**Exercise details**
Everything in the records must be copied exactly, apart from the pictures.

--- Dataset ---

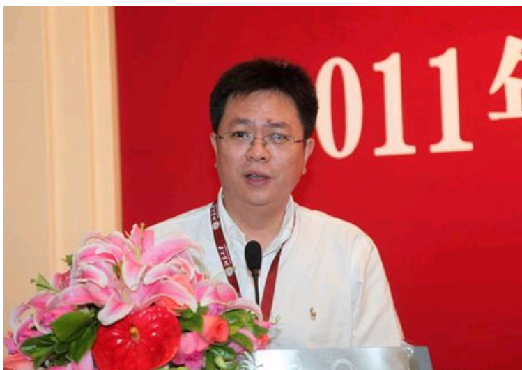
北京大学副校长李岩松讲话

北京大学是最早面向港澳台地区招生的大陆高校，自上世纪八十年代起，北大就开始招收港澳台学生。目前，共有588名来自港澳台地区的全日制学生在北大学习，分布在五大学部30个院、系所、中心，其中社会科学部47%，人文学部22%，医学部18%，理学部10%，信息与工程科学部3%。
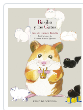
BASILIO Y LOS GATOS DE CUENCA BARELLA, INÉS; DE CUENCA Y PRADO, LUIS ALBERTO
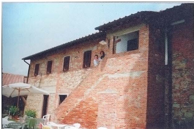
Locanda dell' Agresto – Ansicht von der Terrasse
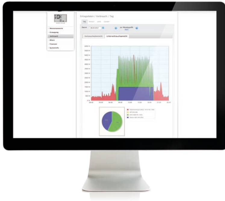
Tagesverbrauchs-Diagramm der angeschlossenen Verbraucher

Die Menüstruktur des Solar-Logs ermöglicht eine intuitive Bedienung. Somit lassen sich intelligente Verbraucher, wie beispielsweise der AC ELWA 2, in Kombination mit Smart Plugs und unter Berücksichtigung des Überschusses ansteuern und priorisieren. Unterschiedliche Energieprofile und Komponenten können miteinander verknüpft und anhand der Simulation überprüft werden.
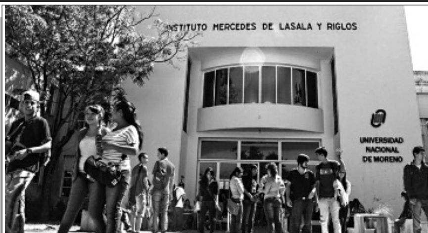
UNIVERSIDAD NACIONAL DE MORENO - PRIMERA PARTE
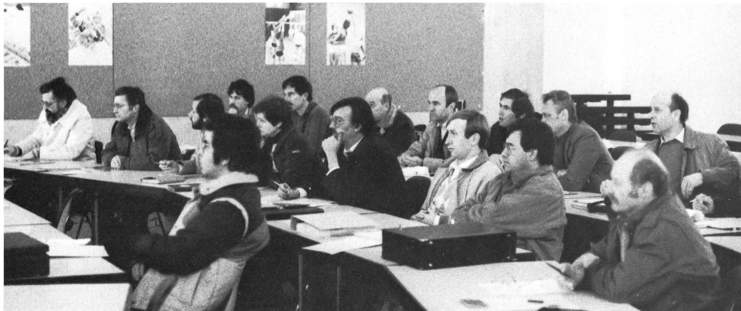
Entraîneurs et experts à l'écoute du maître.

c'est la clarté, la transparence et les relations de confiance qu'il parvient à établir avec ses joueurs. Je ne suis pas un... dictateur, mais j'aime la discipline. Elle est à la base de la progression contrôlée. Aux USA, j'ai appris à distinguer les relations qui peuvent exister entre un entraîneur et ses joueurs dans le cadre de l'activité sportive d'une part, en dehors de celle-ci de l'autre. Sur le terrain, l'entraîneur doit donner des directives précises et les faire respecter; à l'«extérieur» par contre, il ne peut distribuer que des conseils, puisqu'il n'a aucun moyen de contrôle.
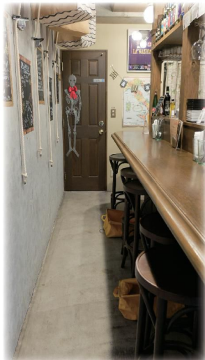
店内は8席、外にもテーブルあり。

壁には常連さんから譲り受けたイタリアサッカー選手「バジジョ」のユニフォームが！！
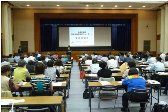
食品表示ウォッチャー業務説明会

不適正表示の疑義があった事業者に対しては、確認調査を実施し、必要な指導を行った。（食暮）
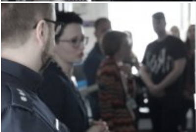
Studenci WSPol podczas wizyty w LK KWP w Olsztynie #14
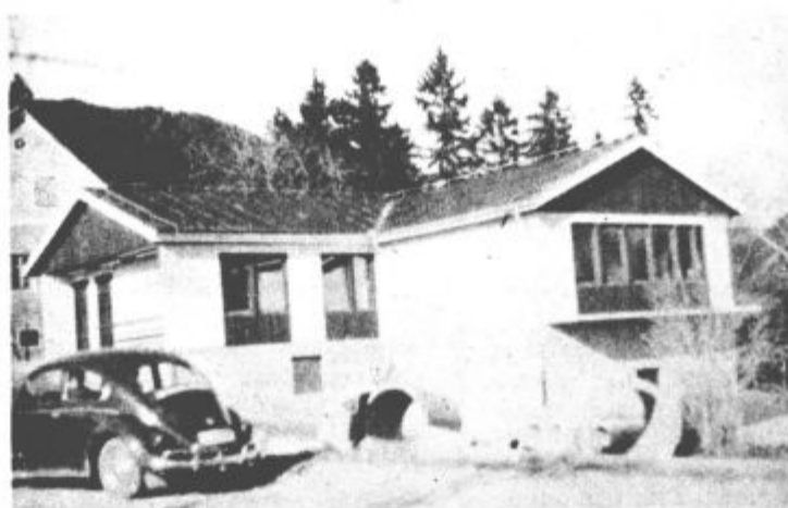
Novi prostori so vsestranska pridobitev, stare (v ozadju) bodo preuredili v stanovanja

Zagotovo so se najbolj veselili prebivalci Šmihela nad Mozirjem. Končno so namreč izročili namenu novo podružnično šolo, poleg šole v Lepi njeni zadnji
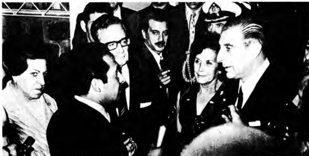
El Presidente de la República Eduardo Frei y su esposa, visitan al Presidente Electo Salvador Allende quien acompañado de su esposa lo recibe en su casa.
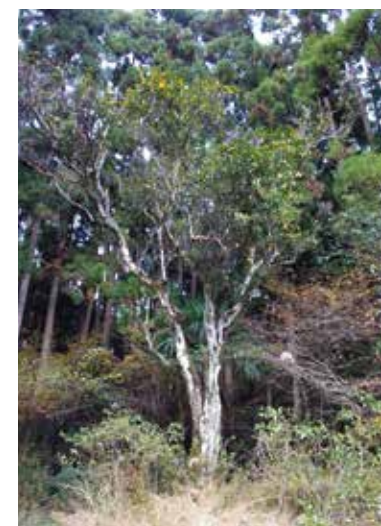
柚子の古木 北川村指定天然記念物

ゆず栽培を奨励した北川村出身の中岡慎太郎の顕彰と、ゆずの収穫を祝う祭です。北川村で毎年10月末もしくは11月初めに開催されます。
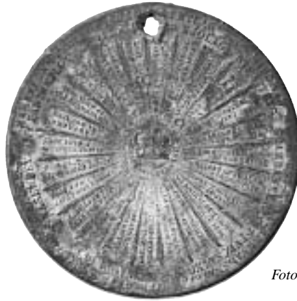
3. Nordanås-exemplaret av Oscar II:s 70-årsmedalj.
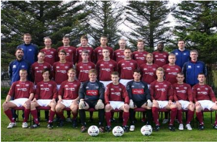
Umf. Selfoss - fótboltinn í úrvaldsdeild 2009
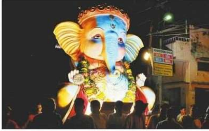
विसर्जन के लिए ले जाई जा रही गणेश प्रतिमा। संवाद

श्रद्धालुओं ने अनंत चतुर्दशी का व्रत रहकर भगवान विष्णु व गणेश की उपासना की। लोगों ने दस दिनों तक चलने वाले गणेशोत्सव के अंतिम दिन पंडालों व घरों में हवन-पूजन कर पूर्णहुति की। शहर के कच्चीबाग, पांडेयहाता, मिर्जापुर, घासीकटरा, बक्शौपुर, धर्मशाला, जलकल भवन आदि जगहों से देर शाम समितियों द्वारा भगवान गणेश की आरती कर भव्य शोभा यात्रा निकाली गई। रास्ते
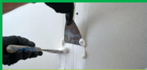
ЗА ЗАПЪЛВАНЕ НА ФУГИ
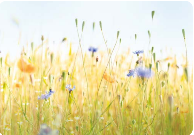
JUNI Wildblumen in den Rieselfeldern Münster Aufnahmeort: Münster Platz 4
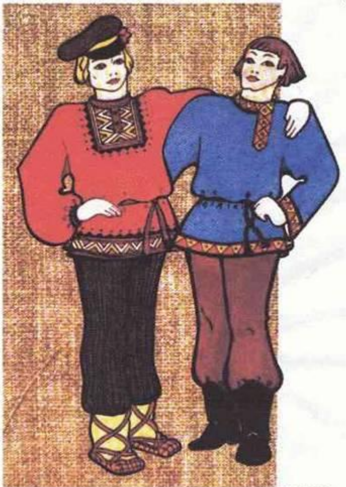
МУЖСКОЙ КРЕСТЬЯНСКИЙ КОСТЮМ (РУБАХА И ПОРТЫ)

Основой мужского костюма была рубаха. Она доходила до колен и подвязывалась поясом. Шили её из белой, синей, красной ткани. Частью костюма были штаны (порты). Они заправлялись в сапоги или обёртывались онучами.
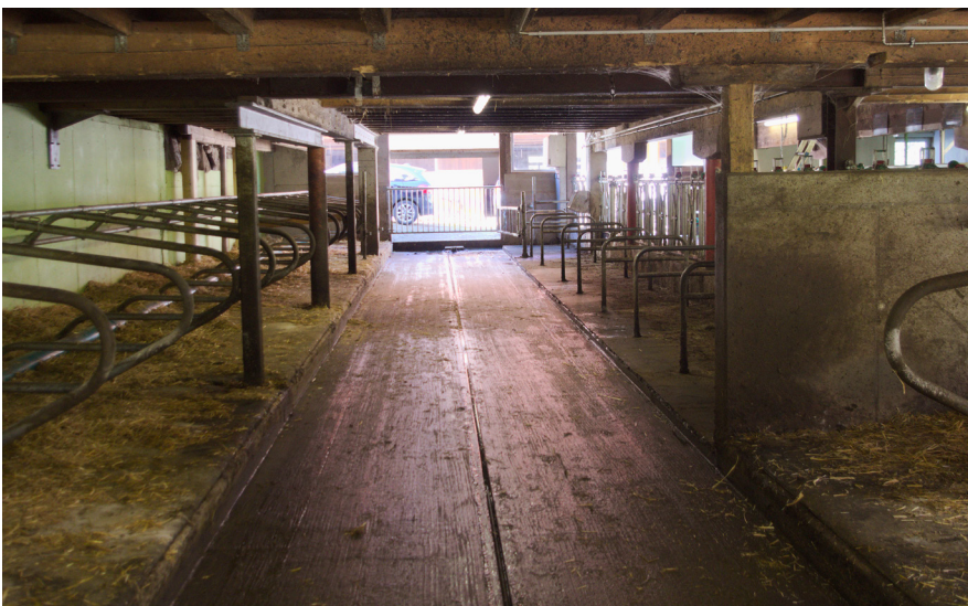
Bild 3: Kleine Umbaulösung in einem Schwarzwaldhof
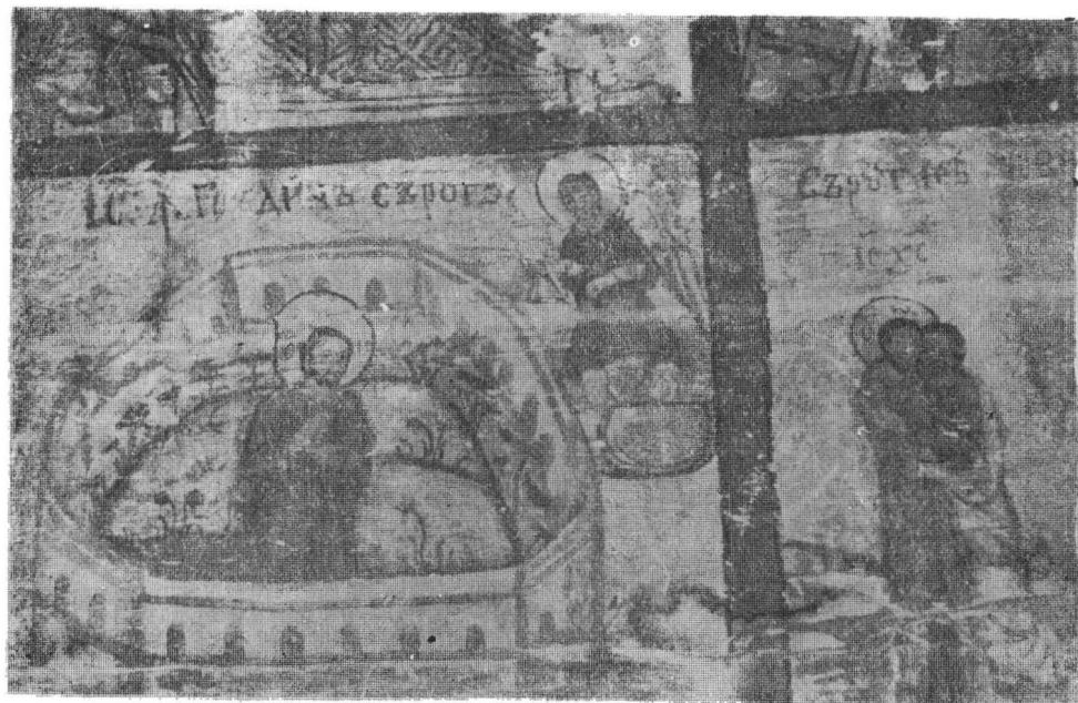
Fig. 3. Biserica de lemn din Dobrin (jud. Sălaj). Detaliu pictură murală de pe bolta naosului.
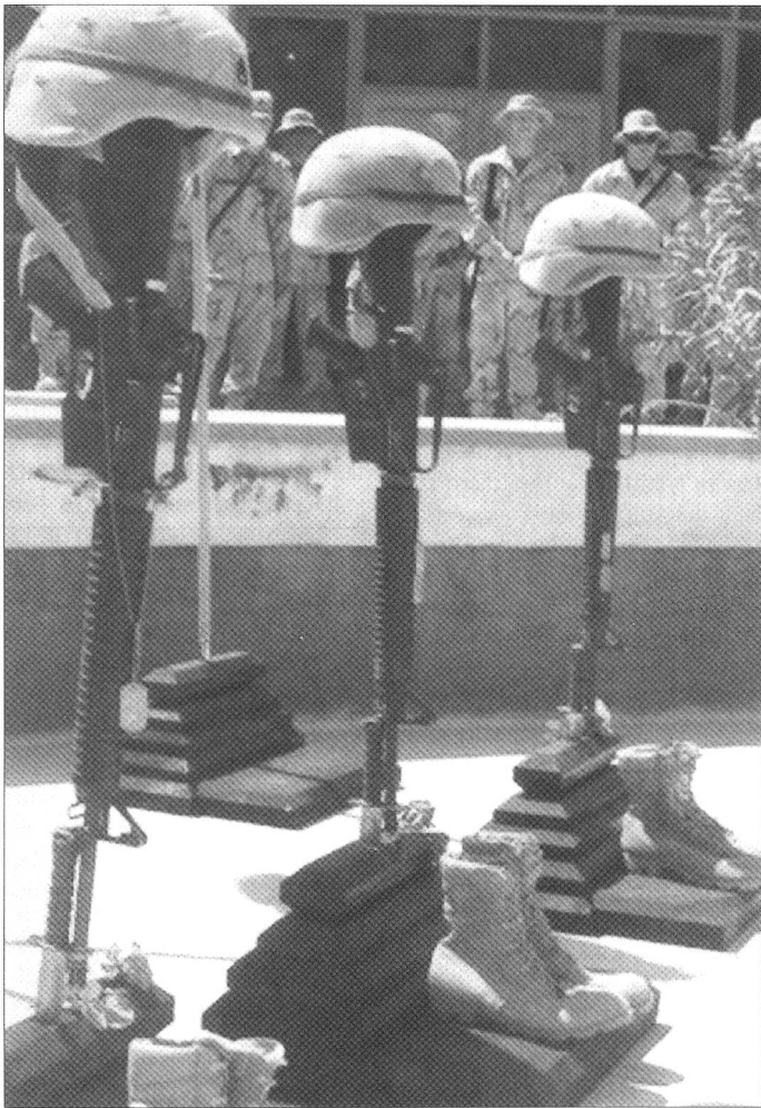
US-Soldaten gedenken ihrer Gefallenen.

sowie ein Armee-Geistlicher jeden Gefallenen, trägt den mit einer US-Flagge versehenen Sarg aus dem Transportflugzeug in einen Leichenwagen und übernimmt den Abtransport.
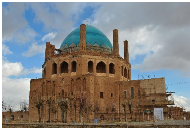
Zrekonstruované mauzoleum ilchána Öldžejtū (též Muhammad Chodábende) z let 1302–1312 v Sultanii. Památka známá též jako Dóm v Sultanii.

blízko jejího ústí do Kaspického moře. Dnešní Kaspické moře se ve středověku většinou nazývalo Bakuské moře (u Marka Pola mare Abacou, mare Abacuc , podobně i u Odorika) podle přístavního města Baku.
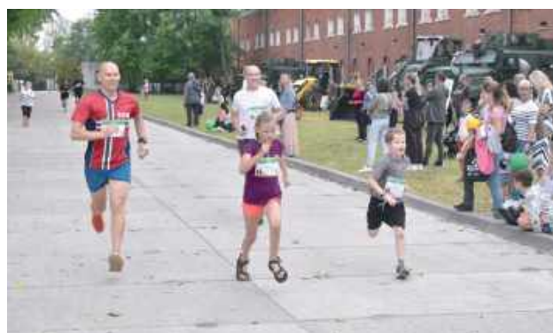
Biegali mali i duzi

---

**Solved exercise**
北京大学副校长李岩松讲话

北京大学是最早面向港澳台地区招生的大陆高校，自上世纪八十年代起，北大就开始招收港澳台学生。目前，共有588名来自港澳台地区的全日制学生在北大学习，分布在五大学部30个院、系所、中心，其中社会科学部47%，人文学部22%，医学部18%，理学部10%，信息与工程科学部3%。
BASILIO Y LOS GATOS DE CUENCA BARELLA, INÉS; DE CUENCA Y PRADO, LUIS ALBERTO
Locanda dell' Agresto – Ansicht von der Terrasse
Tagesverbrauchs-Diagramm der angeschlossenen Verbraucher

Die Menüstruktur des Solar-Logs ermöglicht eine intuitive Bedienung. Somit lassen sich intelligente Verbraucher, wie beispielsweise der AC ELWA 2, in Kombination mit Smart Plugs und unter Berücksichtigung des Überschusses ansteuern und priorisieren. Unterschiedliche Energieprofile und Komponenten können miteinander verknüpft und anhand der Simulation überprüft werden.
UNIVERSIDAD NACIONAL DE MORENO - PRIMERA PARTE
Entraîneurs et experts à l'écoute du maître.

c'est la clarté, la transparence et les relations de confiance qu'il parvient à établir avec ses joueurs. Je ne suis pas un... dictateur, mais j'aime la discipline. Elle est à la base de la progression contrôlée. Aux USA, j'ai appris à distinguer les relations qui peuvent exister entre un entraîneur et ses joueurs dans le cadre de l'activité sportive d'une part, en dehors de celle-ci de l'autre. Sur le terrain, l'entraîneur doit donner des directives précises et les faire respecter; à l'«extérieur» par contre, il ne peut distribuer que des conseils, puisqu'il n'a aucun moyen de contrôle.
店内は8席、外にもテーブルあり。

壁には常連さんから譲り受けたイタリアサッカー選手「バジジョ」のユニフォームが！！
食品表示ウォッチャー業務説明会

不適正表示の疑義があった事業者に対しては、確認調査を実施し、必要な指導を行った。（食暮）
Studenci WSPol podczas wizyty w LK KWP w Olsztynie #14
Novi prostori so vsestranska pridobitev, stare (v ozadju) bodo preuredili v stanovanja

Zagotovo so se najbolj veselili prebivalci Šmihela nad Mozirjem. Končno so namreč izročili namenu novo podružnično šolo, poleg šole v Lepi njeni zadnji
El Presidente de la República Eduardo Frei y su esposa, visitan al Presidente Electo Salvador Allende quien acompañado de su esposa lo recibe en su casa.
柚子の古木 北川村指定天然記念物

ゆず栽培を奨励した北川村出身の中岡慎太郎の顕彰と、ゆずの収穫を祝う祭です。北川村で毎年10月末もしくは11月初めに開催されます。
3. Nordanås-exemplaret av Oscar II:s 70-årsmedalj.
Umf. Selfoss - fótboltinn í úrvaldsdeild 2009
विसर्जन के लिए ले जाई जा रही गणेश प्रतिमा। संवाद

श्रद्धालुओं ने अनंत चतुर्दशी का व्रत रहकर भगवान विष्णु व गणेश की उपासना की। लोगों ने दस दिनों तक चलने वाले गणेशोत्सव के अंतिम दिन पंडालों व घरों में हवन-पूजन कर पूर्णहुति की। शहर के कच्चीबाग, पांडेयहाता, मिर्जापुर, घासीकटरा, बक्शौपुर, धर्मशाला, जलकल भवन आदि जगहों से देर शाम समितियों द्वारा भगवान गणेश की आरती कर भव्य शोभा यात्रा निकाली गई। रास्ते
ЗА ЗАПЪЛВАНЕ НА ФУГИ
JUNI Wildblumen in den Rieselfeldern Münster Aufnahmeort: Münster Platz 4
МУЖСКОЙ КРЕСТЬЯНСКИЙ КОСТЮМ (РУБАХА И ПОРТЫ)

Основой мужского костюма была рубаха. Она доходила до колен и подвязывалась поясом. Шили её из белой, синей, красной ткани. Частью костюма были штаны (порты). Они заправлялись в сапоги или обёртывались онучами.
Bild 3: Kleine Umbaulösung in einem Schwarzwaldhof
Fig. 3. Biserica de lemn din Dobrin (jud. Sălaj). Detaliu pictură murală de pe bolta naosului.
US-Soldaten gedenken ihrer Gefallenen.

sowie ein Armee-Geistlicher jeden Gefallenen, trägt den mit einer US-Flagge versehenen Sarg aus dem Transportflugzeug in einen Leichenwagen und übernimmt den Abtransport.
Zrekonstruované mauzoleum ilchána Öldžejtū (též Muhammad Chodábende) z let 1302–1312 v Sultanii. Památka známá též jako Dóm v Sultanii.

blízko jejího ústí do Kaspického moře. Dnešní Kaspické moře se ve středověku většinou nazývalo Bakuské moře (u Marka Pola mare Abacou, mare Abacuc , podobně i u Odorika) podle přístavního města Baku.
Biegali mali i duzi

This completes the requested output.